■ Exercise materials:

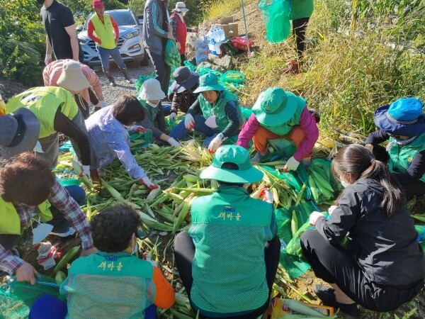 이날 이른 아침부터 모인 협의체 위원들과 새마을협의회 회원들은 함께 구슬땀을 흘리며 정성스럽게 옥수수를 수확했다.
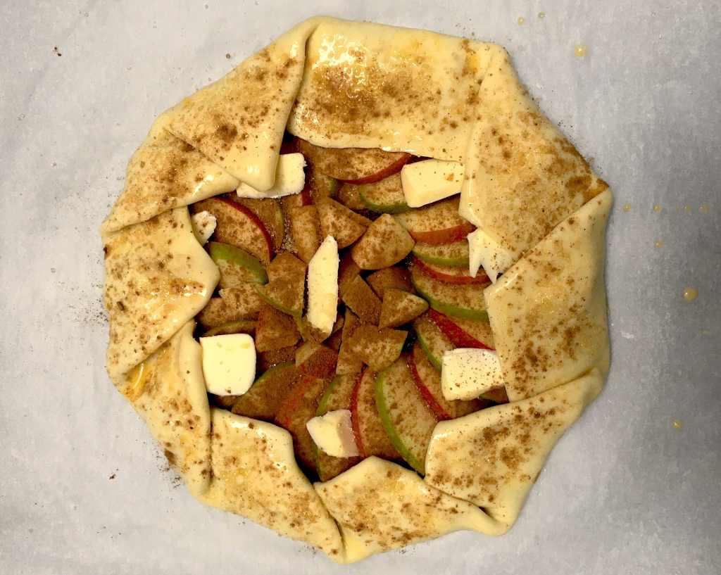 Sprinkle the lemon juice over the apple slices, followed by a dusting of sugar and cinnamon, and scatter the chunks of butter. Fold the uncovered edges over in overlapping folds. Brush with the beaten egg and dust with coarse sugar and a bit more cinnamon for good measure.
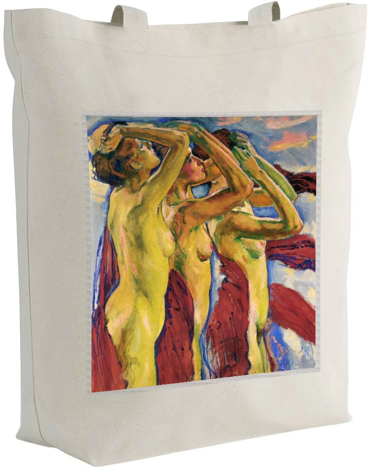- Bawełniana torba z dużą naszywką z motywem sztuki malarskiej.
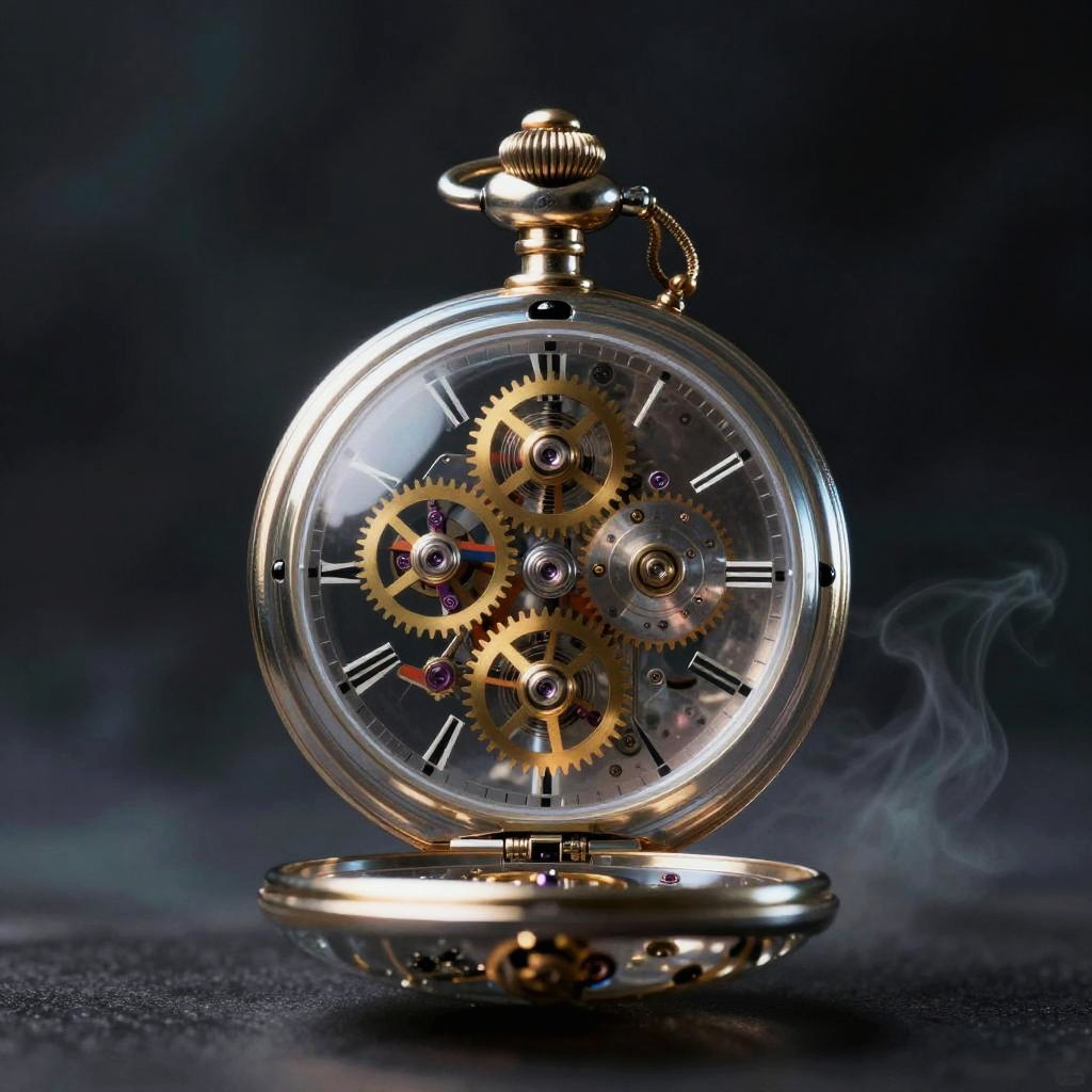 Transparent vintage pocket watch floating in midair against a dark, smoky background, showing intricate inner gears and mechanisms through its glass body, hyper-detailed steampunk aesthetic with a mystical aura.
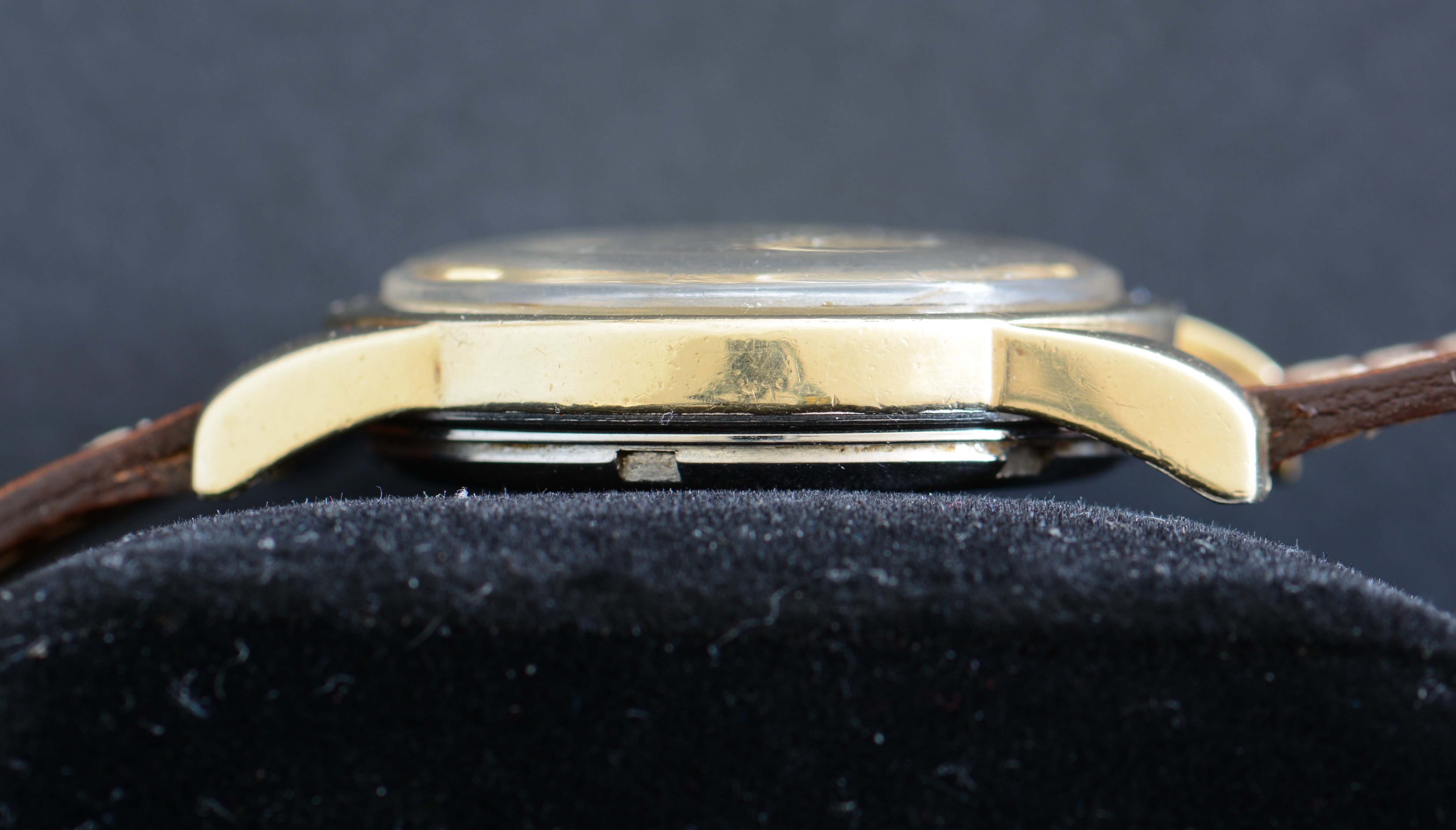 Case: Gold cap over stainless steel. It's an honest case with signs of age such as dings and scratches here and there. It has probably seen a polish in the past. However, note that not all 2577 had sharp facets to begin with. The gold capping is largely in place with exception of the tip of the upper right lug (see picture). A competent gold smith could probably fix that easily. It never bothered me as it's not visible when you wear the watch.
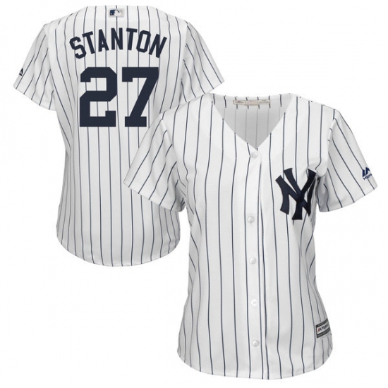 Home>MLB>New York Yankees>Giancarlo Stanton>Women's Majestic New York Yankees #27 Giancarlo Stanton Replica White Home MLB Jersey
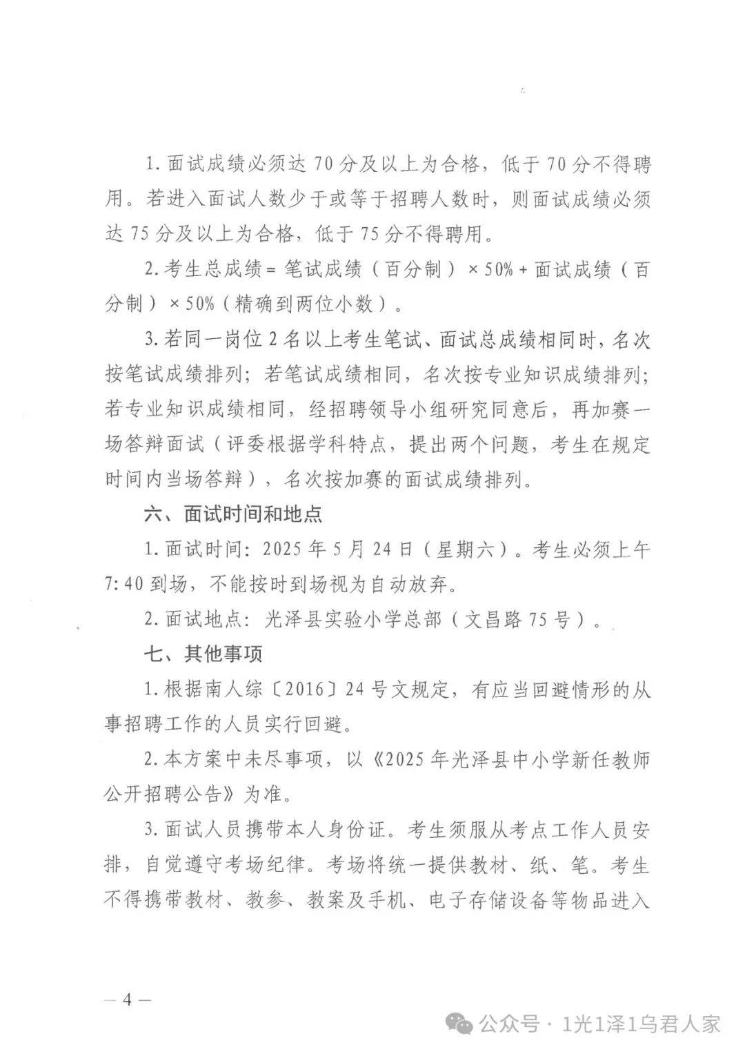 为进一步加强教师队伍建设,根据事业单位公开招聘工作人员有关规定及《福建省教育厅福建省人力资源和社会保障厅关于2025年全省中小学幼儿园教师公开招聘笔试服务工作的通知》(闽教师〔2025〕3号)、《2025年光泽县中小学新任教师公开招聘公告》(光教综〔2025〕8号)文件精神,结合我县实际,现制定本次公开招聘教师面试方案。

■ The problem: Only the lines from the start of the records through the line containing "Transparent vintage pocket" should be repeated, word for word, with the pictures left out.

■ Solution:
 이날 이른 아침부터 모인 협의체 위원들과 새마을협의회 회원들은 함께 구슬땀을 흘리며 정성스럽게 옥수수를 수확했다.
 Sprinkle the lemon juice over the apple slices, followed by a dusting of sugar and cinnamon, and scatter the chunks of butter. Fold the uncovered edges over in overlapping folds. Brush with the beaten egg and dust with coarse sugar and a bit more cinnamon for good measure.
- Bawełniana torba z dużą naszywką z motywem sztuki malarskiej.
 Transparent vintage pocket watch floating in midair against a dark, smoky background, showing intricate inner gears and mechanisms through its glass body, hyper-detailed steampunk aesthetic with a mystical aura.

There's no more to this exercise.